Processor speed: 5.3 GHz
RAM: 1962 MB
Total Hard Drive Space: 695 GB

I built my computer myself so don't feel too bad about your computer statistics. All in all those are excellent stats so if it is only an on-line problem it is probably your connection. My top reccommendation is Broadband. Other then that just get a cable connection or DSL. Even that 3G that Net Zero offers has a good connnection. How old is your computer? Some of your parts may be worn. I just replaced the aged Audio card on my pc after 2 years of use so ask yourself that.


----------



## BlackCaptain (Jul 3, 2005)

I'm not talking about online-lag... I'm talking about Framerate Lag...

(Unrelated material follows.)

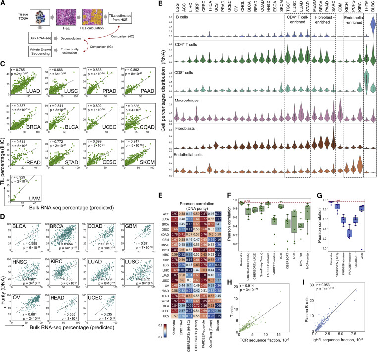 图4. 健康组织和肿瘤组织RNA-seq的大规模TME反卷积。

What do you think, of those three, would be the weakest link in my PC Gaming chain?


----------



## Wraithguard (Jul 3, 2005)

You're weakest link is the Video Card. That is a major downer when you are playing at full quality and have a low video card. Other then that just remember I'm a mechanic not a technitian. If I'm wrong I give you permission to beat me with a shovel.


----------



## Hammersmith (Jul 3, 2005)

Wraithguard said:


> Processor speed: 5.3 GHz
> RAM: 1962 MB
> Total Hard Drive Space: 695 GB


 
Build me a computer...


----------



## Wraithguard (Jul 3, 2005)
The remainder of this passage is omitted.